ACTIVITY>
For the material below, the sole required output is the number of lines that include "Pengabdian".

(PROVIDED DATA Opens)

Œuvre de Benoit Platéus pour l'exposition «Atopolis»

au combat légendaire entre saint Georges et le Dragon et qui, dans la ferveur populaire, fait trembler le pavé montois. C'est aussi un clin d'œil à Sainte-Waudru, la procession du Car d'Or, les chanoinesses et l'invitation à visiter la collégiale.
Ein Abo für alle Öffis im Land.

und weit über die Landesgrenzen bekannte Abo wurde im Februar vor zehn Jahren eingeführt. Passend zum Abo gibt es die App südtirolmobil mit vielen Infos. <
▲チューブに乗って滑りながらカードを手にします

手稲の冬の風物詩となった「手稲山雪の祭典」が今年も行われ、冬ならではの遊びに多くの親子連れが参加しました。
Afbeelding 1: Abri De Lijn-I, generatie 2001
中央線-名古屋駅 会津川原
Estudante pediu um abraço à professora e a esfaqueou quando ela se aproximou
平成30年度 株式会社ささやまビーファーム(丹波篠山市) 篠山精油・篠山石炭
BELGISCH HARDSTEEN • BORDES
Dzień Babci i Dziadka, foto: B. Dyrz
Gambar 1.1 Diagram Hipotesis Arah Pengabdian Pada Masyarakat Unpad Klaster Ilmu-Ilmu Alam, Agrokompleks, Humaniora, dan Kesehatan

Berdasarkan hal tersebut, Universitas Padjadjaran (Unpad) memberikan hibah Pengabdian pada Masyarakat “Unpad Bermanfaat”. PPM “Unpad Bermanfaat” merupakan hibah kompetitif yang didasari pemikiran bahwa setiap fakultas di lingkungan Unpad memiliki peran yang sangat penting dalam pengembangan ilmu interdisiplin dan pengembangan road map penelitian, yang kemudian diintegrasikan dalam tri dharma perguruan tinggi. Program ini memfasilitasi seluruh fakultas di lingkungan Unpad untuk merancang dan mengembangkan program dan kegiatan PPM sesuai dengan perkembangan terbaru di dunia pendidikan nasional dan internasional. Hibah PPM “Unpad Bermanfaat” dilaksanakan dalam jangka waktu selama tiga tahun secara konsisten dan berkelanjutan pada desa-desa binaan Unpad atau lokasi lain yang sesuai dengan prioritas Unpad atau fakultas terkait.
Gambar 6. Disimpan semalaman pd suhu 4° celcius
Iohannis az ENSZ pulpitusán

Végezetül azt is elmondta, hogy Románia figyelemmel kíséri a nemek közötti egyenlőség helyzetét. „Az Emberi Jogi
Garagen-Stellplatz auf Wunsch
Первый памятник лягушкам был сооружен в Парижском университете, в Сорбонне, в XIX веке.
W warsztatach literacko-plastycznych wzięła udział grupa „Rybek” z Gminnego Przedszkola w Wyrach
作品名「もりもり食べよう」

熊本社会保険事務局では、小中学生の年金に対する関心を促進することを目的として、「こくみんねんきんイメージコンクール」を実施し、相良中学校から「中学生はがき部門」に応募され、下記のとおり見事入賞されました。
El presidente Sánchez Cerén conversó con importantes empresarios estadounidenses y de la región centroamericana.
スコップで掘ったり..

(PROVIDED DATA Closes)

RESPONSE BELOW>
2